Yesterday we had to say goodbye to our little buddy Oz. Last week he was limping so we brought him to the vet thinking his Lyme’s disease was acting up. The vet did tons of tests and blood work and couldn’t find anything wrong with him so sent us home with an anti-inflammatory/pain killer in case he sprained his leg or bruised a muscle. He was fine for a few days and the limping improved. He still whined and cried a lot but he always does that. He’s like Rainman and very quirky about things. I just thought he didn’t like his new routine of having to take medicine.
Monday, March 31 he was acting really weird and distant. He didn’t even get out of his bed to greet Mike when he came home from work. We knew then that something was terribly wrong. Tuesday, April 1st (yup our pup was always the joker) he had a really tough time walking and holding his head up. Mike took him back to our regular vet. At first they thought he had hurt his neck but the longer they spent with him they started thinking it was neurological. They had Mike rush him to a specialist. He stayed at the hospital for 2 days so they could run more tests and monitor him. He was clearly in terrible pain so they tried keeping him doped up on drugs. He must have been so scared because he hates not being home with us. He has a mental breakdown if he doesn’t have his bed and his bone. He doesn’t even like to go outside- always the lazy one. We were all hoping for it to be a herniated disc, which would be treatable. Yesterday’s MRI results showed tumors in his spine. The vet said it was not treatable and, since he was in horrible pain, the best thing to do would be to end his suffering.

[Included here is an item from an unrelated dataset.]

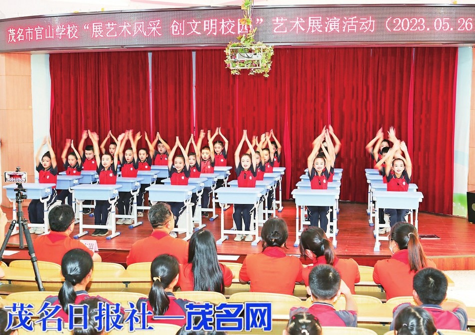 市官山学校学生在艺术展演舞台上表演《课桌舞串烧》。茂名日报社全媒体记者 岑稳 摄

Oz was a true testament to the pit bull breed and how loving and kind they really are. Anyone who ever met him instantly fell in love with him and changed their mind about pits. He was such a unique soul. Even the vet cried and said he had gotten so attached to him in 2 days. He called him a “spectacular beast”.
I’m struggling to find the meaning behind why this happened and especially with me being 6 months pregnant. We’ve been through so much already and are finally happy. I guess this is God’s way of reminding us to keep our blessings in check. I’m trying to hold it together so I don’t stress the baby. We were really looking forward to Oz being able to play with Jackson. I know they would have been best friends.
Oz you were my 1st little boy and will always have a special place in my heart. You’ve touched so many lives and I’m honored to have been your mommy. Rest in peace my little buddy!